A Comprehensive Look into CageViT

Published in

Artificial Corner

4 min readJun 11, 2023

Convolutional Activation Guided Efficient Vision Transformer (CageViT) to focus more on the major tokens

CageViT is a new vision transformer architecture that uses convolutional activation to divide each token into major and minor. the main aim of this technique is to reduce the computational cost by focusing more on the major tokens. It also incorporates a multi-head fusion module and a gated linear spatial reduction attention mechanism to better capture contextual information and improve classification accuracy. The proposed CageViT is evaluated on ImageNet-1k and achieves state-of-the-art performance, outperforming previous transformer-based architectures with similar model complexity.

Overview
CageViT Architecture
1.1 Convolutional Activation Guided Attention
1.2 Gated Linear Spatial Reduction Attention (Gated Linear SRA)
Experimental Results

Overview

The proposed CageViT model is developed in three steps:

Selection and rearrangement of major and minor tokens:
The class activation map, Grad-CAM++, is utilized to generate heat maps for categorizing patches into major and minor tokens. this technique enables the model to distinguish between the most significant patches, known as major tokens, and the less significant patches, known as minor tokens. Then, minor and major tokens are rearranged, and Linear embedding is employed for each token.
Fusion of minor tokens:
minor tokens combined into multiple fusion tokens to preserve the background knowledge and reduce computational costs. Then, the positional embedding and fusion embedding is incorporated into tokens. Finally, the outputs are fed into the vision transformer encoder.
Redesign of the Attention mechanism (Gated Linear SRA):
to improve the communication between major tokens and fusion tokens, a novel attention mechanism is proposed.

CageViT Architecture

Convolutional Activation Guided Attention

In the original Vision Transformer, by performing the inner product between Q and K, we have the time and space complexity of O(N2). One strategy for computational efficiency is reducing the number of tokens fed into the vision transformer encoder.

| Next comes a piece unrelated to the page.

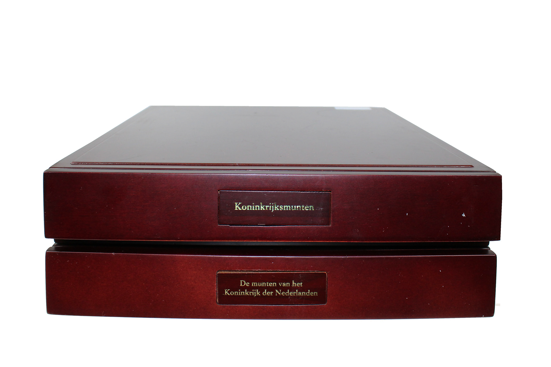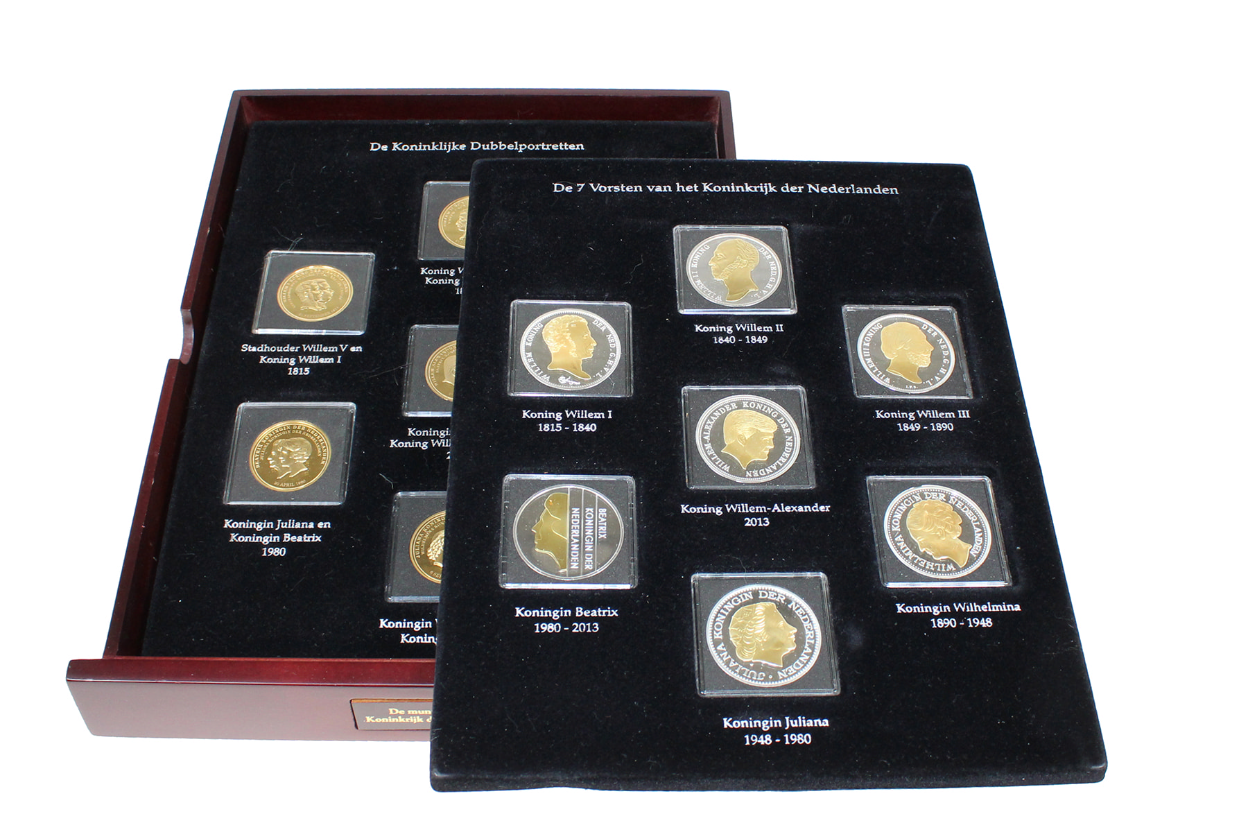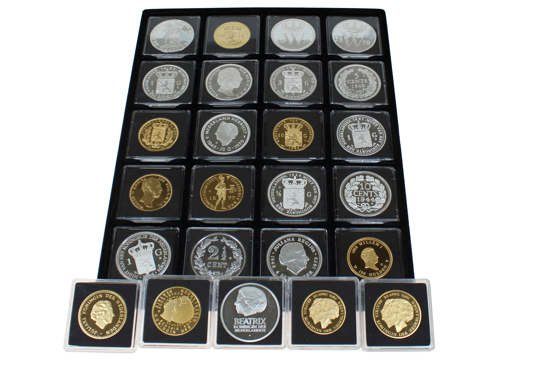 Twee kisten met ca. 40 stuks gepolijste replica’s van de mooiste koninkrijksmunten. Te mooi om echt te zijn!

After partitioning the input image into tokens, a salience map is calculated for each token to determine their importance. each token is divided into the most important tokens, major tokens, and the less important tokens, minor tokens. Then, the minor and major tokens are rearranged and passed through the linear projection layer.

all minor tokens are combined into multiple fusion tokens with all the background knowledge. By utilizing this technique, computational complexity is greatly reduced while still, all the important major tokens are preserved for accurate and precise classification. Then, positional and fusion embeddings are added to tokens, and the results are fed into the Efficient Transformer Encoder.

Gated Linear Spatial Reduction Attention (Gated Linear SRA)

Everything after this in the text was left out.